Министр приказал, чтобы профессора философии и наук, с нею соприкосновенных, во всех наших университетах руководились этою статьей в своем преподавании.


14 мая 1834 года

Сегодня было опять у Греча собрание литераторов. Состоялся выбор остальных редакторов «Энциклопедического словаря». Здесь встретился я с Кукольником. Он пишет новую драму «Роксолана». Положено опять читать у меня «Джулио Мости» в исправленном виде. Он спрашивал моего мнения о «Ляпунове». Что мог я сказать? По возможности меньше огорчить его моими мыслями насчет поддельного патриотизма. Я советовал ему бросить службу. Он со мной согласен.

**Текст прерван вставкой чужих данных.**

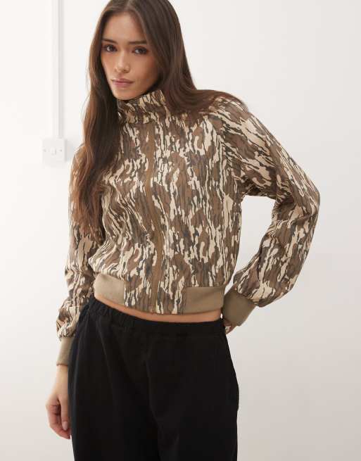 COLLUSION – Trainingsjacke mit Stehkragen, durchgehendem Reißverschluss und Military-Muster
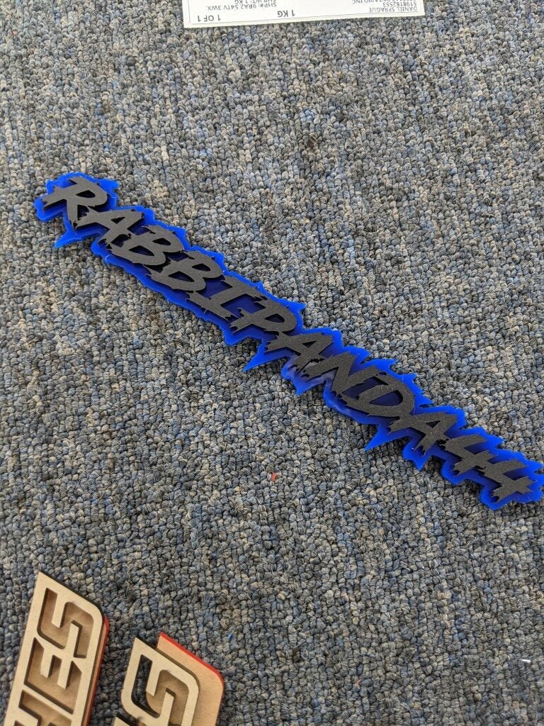 Rabbipanda44 Car Badge - Matte Black On Blue - Lightning Font
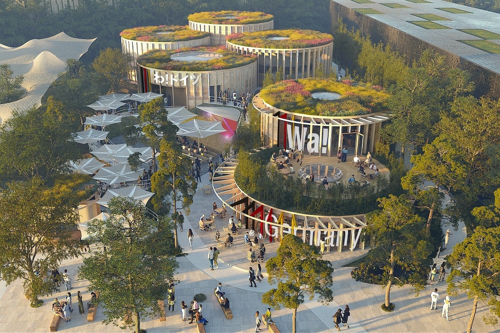 Das Leitmotiv der Zirkularität wirke sich auf alle Aspekte der deutschen Beteiligung aus: den Pavillon selbst, das Besuchserlebnis, das Design und die präsentierten Technologien und Zukunftsvisionen. Ins Gestalterische übersetzt entspreche das der Form des Kreises. Dieser Ansatz werde schon auf den ersten Blick deutlich: Sieben kreisförmige Baukörper aus Holz luden zum Besuchserlebnis ein. Der Pavillon zeige als begehbares Exponat, welchen Einfluss Architektur und Städtebau auf mehr Nachhaltigkeit und Zirkularität haben könnten.

С удовольствием, между прочим, заметил я следующий благородный поступок Кукольника. «Ляпунова» своего он подарил Каратыгину, тогда как, судя по тому, как принята его «Рука всевышнего», он мог бы получить за него от театральной дирекции славные деньги. Это прекрасно с его стороны в такое время, когда так называемые знаменитые наши литераторы требуют только денег, денег и денег.


29 мая 1834 года

Смирдин истинно честный и добрый человек, но он необразован и, что всего хуже для него, не имеет характера. Наши литераторы владеют его карманом, как арендою. Он может разориться по их милости. Это было бы настоящим несчастием для нашей литературы! Вряд ли ей дождаться другого такого бескорыстного и простодушного издателя. Я не раз предостерегал его. Но есть рок, от которого нельзя защищаться, — это наша собственная слабость.


30 мая 1834 года

Вот и конец мая, а только вчера да сегодня небо и воздух похожи на майские. Я был на даче, у Александра Максимовича Княжевича и у Деля. Заходил на минуту к Плетневу: там встретил Пушкина и Гоголя; первый почтил меня холодным камер-юнкерским поклоном.


10 июня 1834 года

Был на представлении Александра, чревовещателя, мимика и актера. Удивительный человек! Он играл пьесу «Пароход», где исполнял семь ролей, и все превосходно. Роли эти: влюбленного молодого человека, англичанина лорда, пьяного кучера, старой кокетки, танцовщицы, кормилицы с ребенком и старого горбуна, волокиты. Быстрота, с которой он превращается из одного лица в другое, переменяет костюм, физиономию, голос, просто изумительна. Не веришь своим глазам. Едва одно действующее лицо ступило со сцены за дверь, — вы слышите еще голос его, видите конец платья, — а из другой двери уже выходит тот же Александр в образе другого лица. Он говорит за десятерых, действует за десятерых; в одно время бывает и здесь и там. Необычайное искусство!


11 июня 1834 года

Я недавно сблизился с одним молодым писателем, Тимофеевым. Это совершенно новое и приятное для меня явление. Он одарен пламенным воображением, энергией и талантом писателя. Доказательством того служат его «Поэт» и «Художник», две пьесы, исполненные мыслей и чувств. Он совершенно углублен в самого себя, дышит и живет в своем внутреннем мире страстями, которые служат для него источником мук и наслаждений. Службой он почти не занимается, и может не заниматься, потому что имеет деньги и не имеет русского честолюбия, то есть страсти к чинам и орденам. Всегда задумчив, с привлекательной физиономией. Ему 23 года.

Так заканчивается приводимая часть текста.